As I was maneuvering slowly around The Big Dig, I decided to make some phone calls to pass the time. Anyone who’s ever driven in Boston knows what a dicey proposition this is. The roads around the Dig are re-routed weekly, rather like the staircases at Harry Potter’s Hogwarts. Anyway, I called the Port City clerk’s office, where I had obtained Aitch’s birth certificate, to find out with which state agency I could file a complaint regarding the missing apostrophes.

As it happens, the birth certificate form is not state-mandated, but is local to Port City, so I was able to complain directly to the City Clerk. I started off politely enough, but then he took the annoying tactic of trying to argue me out of my opinions. I believe that’s when I opined that the birth certificate looked like something an illiterate high school student mocked up on his PC. The clerk kept going on about the security features in document — magnetic stripes, seals, watermarks, and so on.

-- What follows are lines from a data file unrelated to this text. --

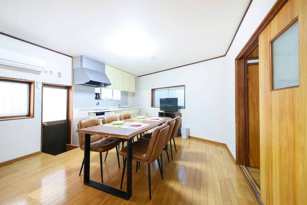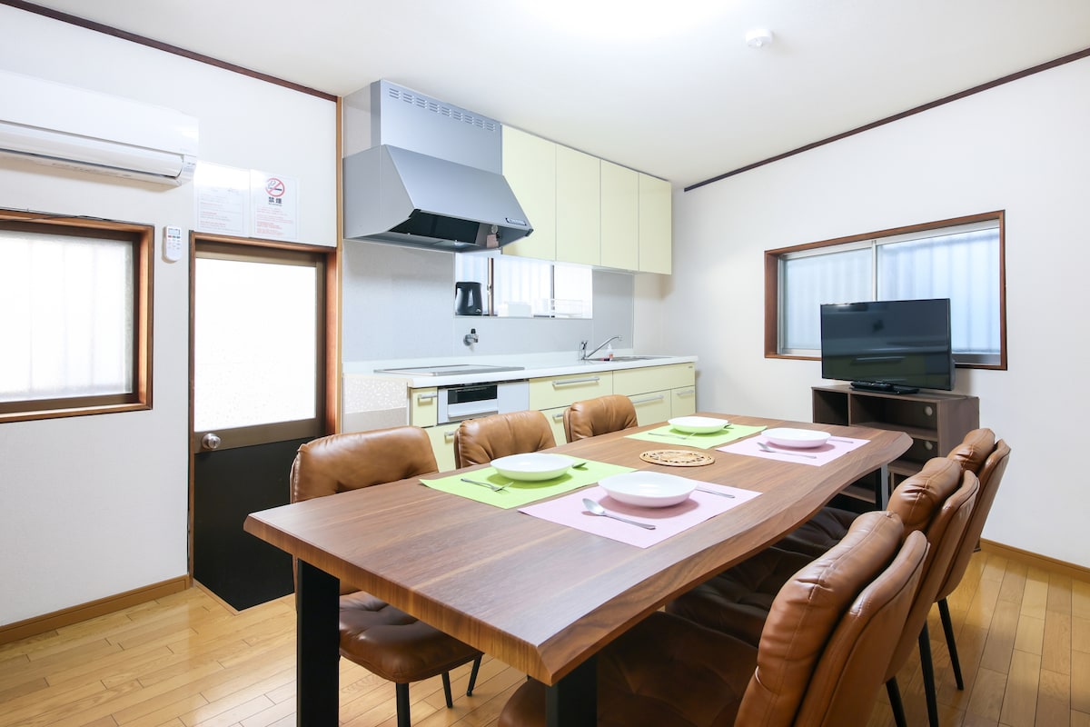 近鉄今里駅から徒歩3分、大阪メトロ新深江駅から徒歩6分の平屋の一軒家です。 上り下りが必要ありませんのでご年配の方々にもお勧めです。 閑静な住宅街にあるので落ち着いた時間を過ごしていただけます。 難波まで20分、日本橋まで15分。奈良へも1時間以内で行けますので大変便利に使用いただけるかと思います。 全自動洗濯機と専用乾燥機の両方が完備されてますので、長期の滞在でも快適にご利用いただけます。 ベッドはセミダブル x 1、シングル x 6なので最大8名までご利用いただけますが、推奨人数は6名です。 【設備】 ・無料Wi-Fi ・6人がけテーブル1台、椅子6脚、補助椅子2脚 ・衣類乾燥機 【洗面設備】 ・シャンプー、リンス、ボディソープ ・タオル8枚、バスタオル8枚 合計 ・洗濯機 ・ドライヤー 【キッチン設備】 ・お皿8枚 ・グラス8個 ・フライパン・鍋 ・包丁・まな板 その他の特記事項 ・15~21時チェックイン ・10時チェックアウト ・パーティーは禁止です ・隣の家と壁が繋がっているため、22時以降は静かにお過ごしください。 ・室内、玄関先は完全禁煙です。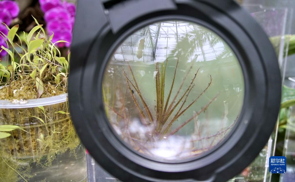 這是4月27日在國家植物園溫室內透過放大鏡拍攝的美杜莎捕蟲樹。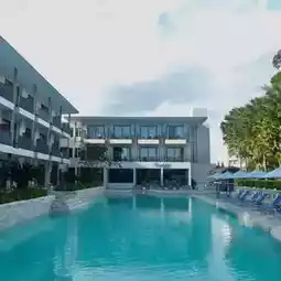 🏨 The hotel is located in Phuket city, decorated in a marine style in white and blue tones. There is a large swimming pool in the center of the hotel. Along with a restaurant, cafe, and bar And in addition to the complete service The hotel is also close to many famous restaurants. 🍸🍹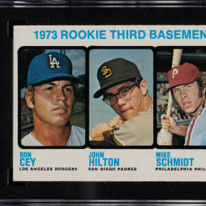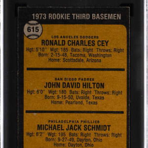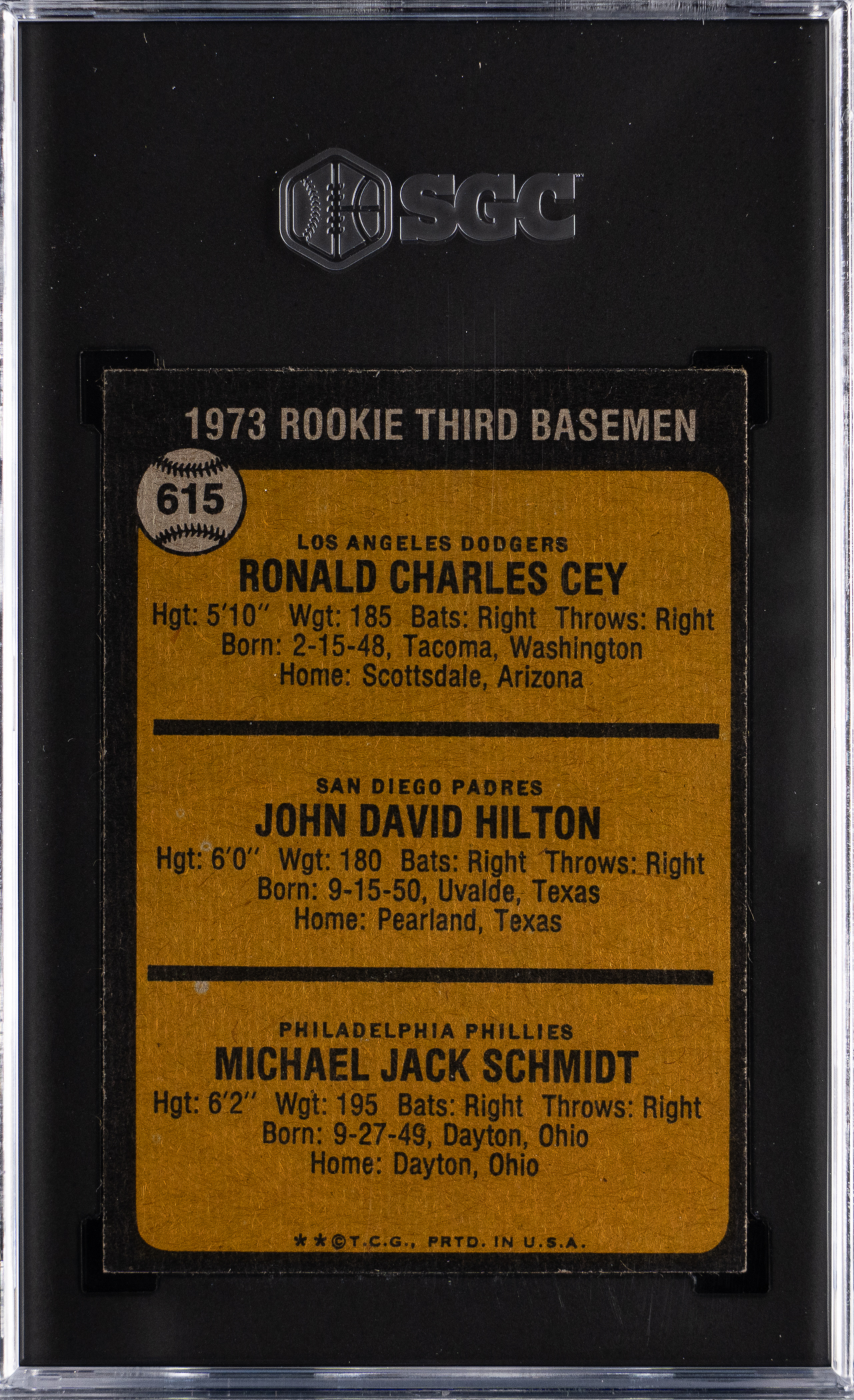 Graded EX/NM 6 by SGC. Philadelphia Phillies Hall of Famer Mike Schmidt (and the capable Ron Cey) is portrayed on the offered 1973 Topps #615 rookie card. High number.

I got a little impatient, because I wasn’t worried about how easy it would be to fake the document, but rather how valid the document appeared to the average person — say, the US or Korean government officials who might review Aitch’s birth certificate in support of our second adoption.

The City Clerk could not promise to correct the certificate form, because there was no money in the budget to have the super-special trained administrator with the secret password to the forms database come in for five minutes to add some apostrophes.

A few hours later, when I was still at the meeting, the City Clerk called our house and spoke to Husband, who was unaware that I had called. The clerk filled Husband in on the controversy — “Your wife yelled at me” — and said that he had taken my concerns into consideration and would correct the form as soon as the money was available. I’ve since found out, though, I can request a birth certificate from the State that will be based on a different template, possibly one that is punctuated correctly. So sorry, Massachusetts, for maligning you earlier. I hope you can come through for me now.